Florida’s Planned Parenthood believes that the right to privacy makes the old 15-week ban on abortions unconstitutional, thereby vitiating the old 15-week law and the current six-week prohibition.
But a loss means the six-week ban stays.
Everyone understands that each state has its own constitution, but not everyone knows that the state constitutions can vastly differ from the U.S. Constitution. They are all longer. All cover topics not covered in the U.S. Constitution (Water Rights and Education are two examples).
Most importantly, many states have explicit “rights to privacy” spelled out in their constitution.
As with every regulation, law, and Constitutional provision, the U.S. Constitution acts as a baseline. A state is free to offer more protection, in this case, more privacy, than the federal Constitution.
To the extent that the federal Constitution created a right to privacy, it sprung from the First Amendment, providing freedom of religion and expression. The Third Amendment prevents the quartering of soldiers. The Fourth Amendment prohibits unreasonable search and seizure. The 14th Amendment substantive due process clause provides protection of some areas so private that no law could be considered “due process.”

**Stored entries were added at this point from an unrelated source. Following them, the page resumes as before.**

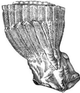
FIG. 6.— Pholidophyllum tubulatum . A calicle viewed from the side to show the rib-like prominences formed upon the costæ by the double rows of calcareous scales.

and which has lately been made a subject of research by G. von Koch, the costæ are in solitary specimens clad each with a longitudinal rib composed of a double row of rhomboidal calcareous scales placed close together at an angle to one another as shown in the figure. These rows of scales form an almost complete outer covering to the corallum. The scales seem to be wanting in colonial specimens. They are extremely conspicuous and definite in some of the best preserved solitary specimens, and their regularity of disposition is such that it is impossible to believe that they do not definitely belong to the coral. They are shown enlarged in the figure. In vertical sec-
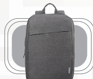
Lenovo 15.6" Laptop Casual Backpack B210
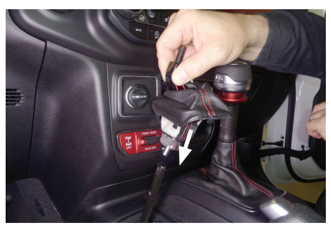
15. Install the shift handle and boot over the shift lever.
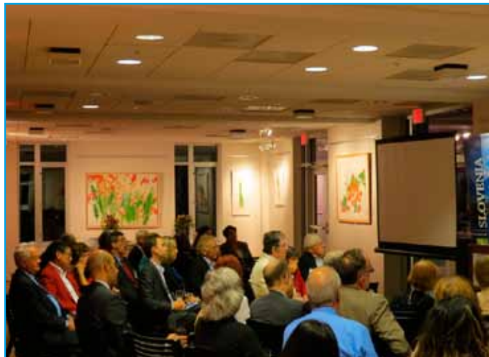
Around 60 guests attended the event.
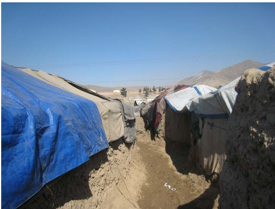
Internally displaced families living in slum areas such as Charahi Qamber, pictured, construct makeshift dwellings on abandoned lots from mud, poles, plastic sheeting, and whatever other materials they can find.

“The trend clearly indicates that displacement is on the rise,” as a 2010 report by the Brookings-Bern Project on Internal Displacement observed. 12 Over 57,000 people were displaced from their homes because of the conflict in the first three months of 2011, an increase of 41 percent over the last quarter of 2010. 13 Looking at the first six months of each year, the increase in displacement was even greater—the total of 91,000 people displaced between January and June 2011 was 46 percent more than the 42,000 displaced in the first half of 2010. 14
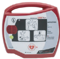
Rescue Sam AED Progetti Italy
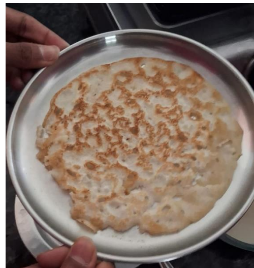
Dosa from barnyard-millet (Bhagar)
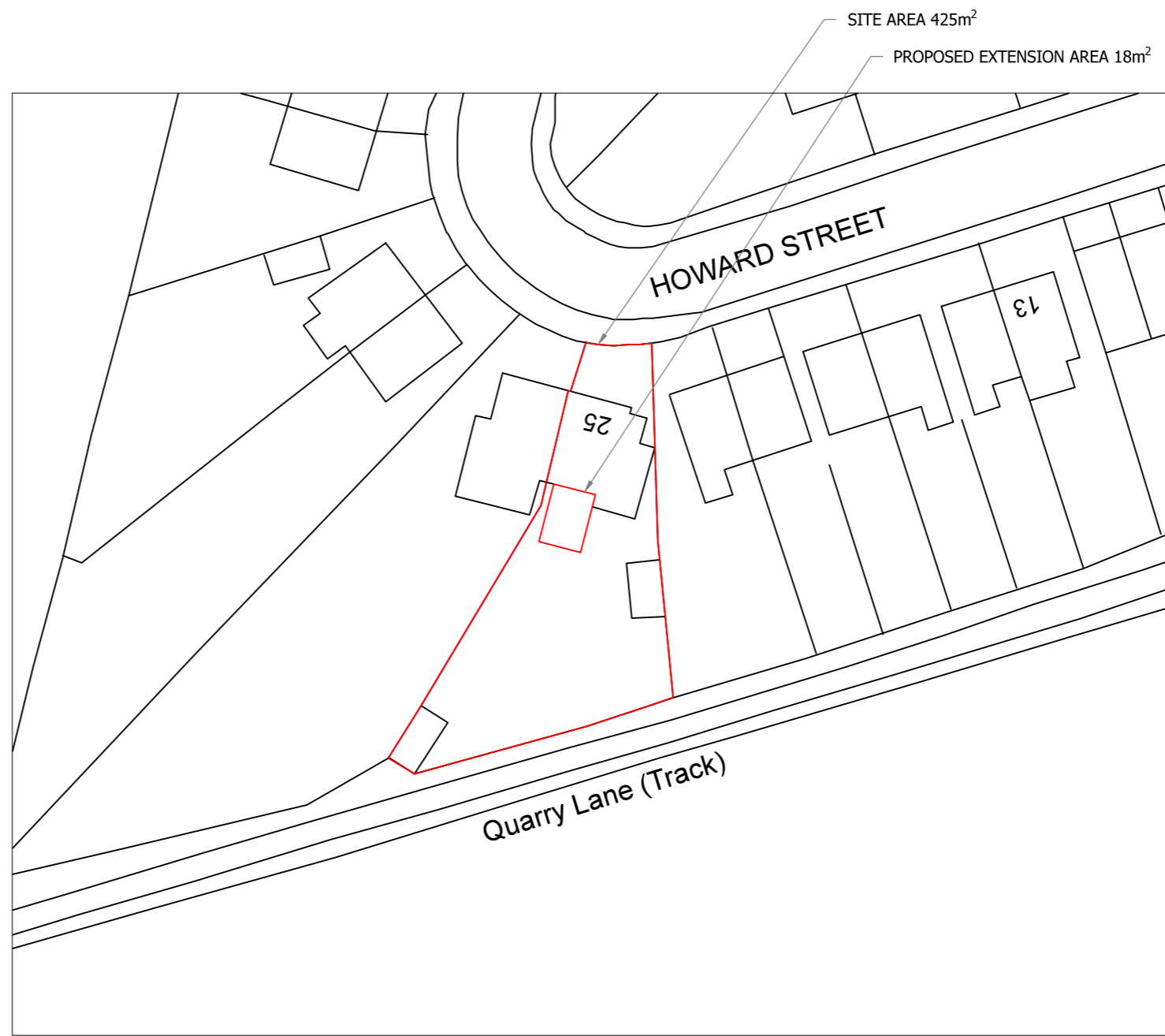
SITE PLAN SCALE 1:500 AT A3
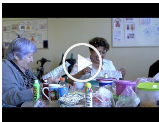
Hermanas Mayores: Nunca Muy Gris/ Senior Sisters, Never Too Grey
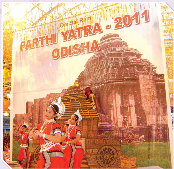
A scene from the drama "Konark" presented on 8th October 2011 by the students of Sri Sathya Sai Vidya Vihar, Baripada, Odisha.

construction and sacrifice of a 12-year-old boy who miraculously put the Kalasha atop the temple. The drama which began at 5.15 p.m. came to a close at 5.50 p.m.
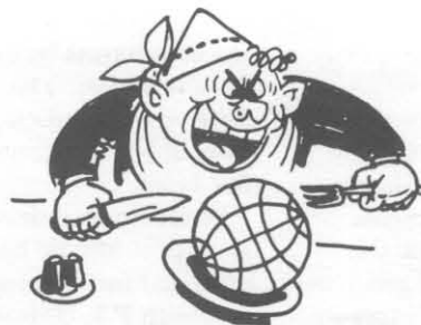
Israel as "Expansionist"
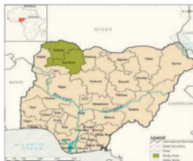
Map of Nigeria highlighting Sokoto State, site of U.S. Christmas airstrikes, and Zamfara State, a neighboring region affected by ongoing violence in northwest Nigeria.
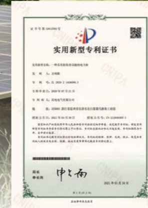
UTILITY MODEL PATENT CERTIFICATE
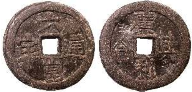
93752. LIGOR: lead ¼ bia, ND (ca. 1880-95), Pridmore-226, Lu K'un Tung Pao (Money of Lakhon [Ligor]), abbreviated pao / Kuang Li Ch'i Ho , 2 Chinese chopmarks on reverse, hé quán , vf, RR $300 Pridmore mentions that no specimen of this type has been traced for examination or illustration.
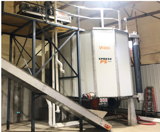
The compact system fits indoors so can be used in all climates.

The Valmetal Xpress-PS pasteurizer is a continuous-flow system, constantly producing large volumes of pasteurized bedding, completely automatically.
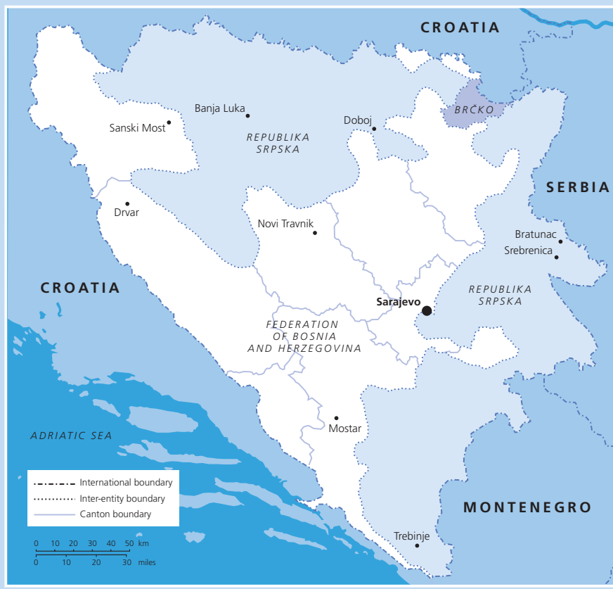
This map is intended for illustrative purposes only. Saferworld and Conciliation Resources take no position on whether this representation is legally or politically valid.

The perspectives and ideas in this Policy Brief are drawn from research carried out by Saferworld in co-operation with Nansen Dialogue Center Sarajevo and builds on the findings of report published by Saferworld in August 2010, The missing peace. The need for a long term strategy in Bosnia and Herzegovina . The research, which involved group discussions and interviews in over 10 locations across BiH, gave young people the opportunity both to voice their opinions, as well as take an active part in carrying out some of the research, thus encouraging them to analyse their own attitudes and behaviour and demonstrating what they can achieve on their own. A final validation and advocacy training workshop for the young researchers and NGO representatives took place in Sarajevo. The findings are explored in greater depth in the report Leaving the past behind: The perceptions of youth in BiH .
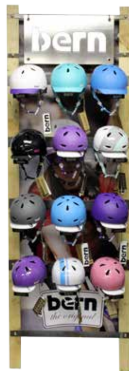
3 LID BOW Can hold 12 units 29" Wide X 82" Tall 73.5cm Wide X 208cm Tall
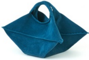
Horn bag Dark Green MM-Horn-DG Retail $ 89.00
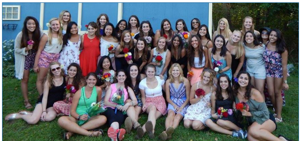
Tri Delta members of all classes bond at a flower picking sisterhood event.
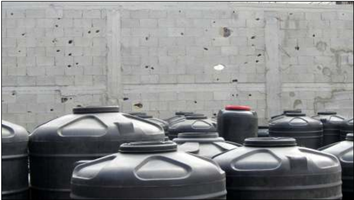
Water tanks produced in al Hatou's factory
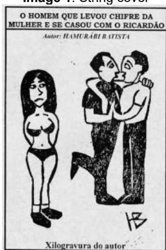
Image 1. String cover
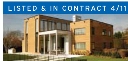
Water Mill. $5.495M*
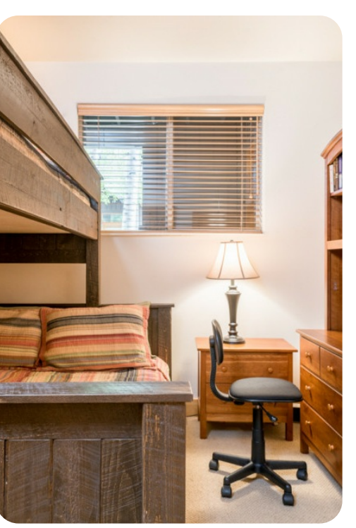
Sun Valley 24 | Page 4 of 6
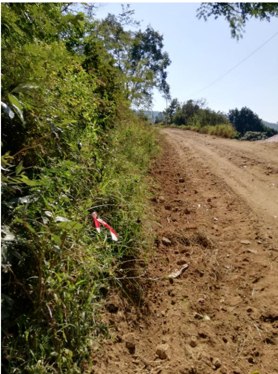
Figure 2 The line runs to the left of the gravel road shown in the picture
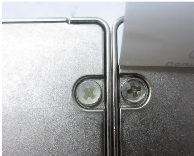
Figure 4 - Left side shows tamper. Right side shows no tamper.
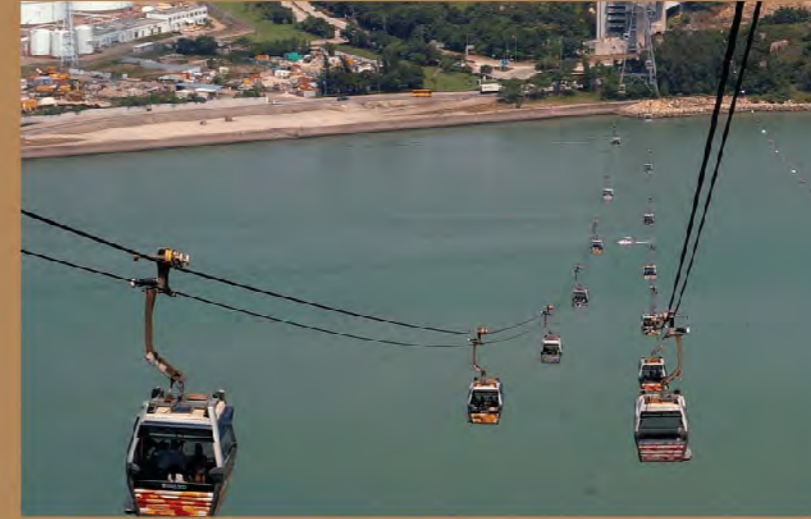
Ropeway (Sewri to Elephanta caves)

The combination of those amendments argues that a right to privacy “lives” in the federal Constitution.
Planned Parenthood’s challenge to the old 15-week ban — the case was filed before the six-week ban was enacted — under the express guarantee of privacy is a first, and though it would not affect other states, it could provide powerful “persuasive” authority in courts all over the country.
The lower court found that the express right to privacy protected the right to an abortion.
As ABC News reports:
“Justices asked White why the privacy clause — passed in the 1980s via voter referendum — did not arouse debate between anti-abortion groups and pro-abortion groups at the time, suggesting the right to abortion was not implied in the privacy clause.
Perhaps because at the time there was at least one, possibly two (they don’t give dates) SCOTUS decisions upholding the right to an abortion under the federal Constitution?
It wouldn’t occur to people at the time that a radical and illegally imposed super-majority of conservatives would overrule critical precedent.
Planned Parenthood lawyer Whitney White provided a statement after arguing the case:
“The state has now asked the court to wipe out any constitutional protection for Floridians’ ability to have an abortion at all, clearing the way for Florida to enforce Gov. DeSantis’ ban on abortion at six weeks of pregnancy, a time when many people don’t even know they are pregnant.”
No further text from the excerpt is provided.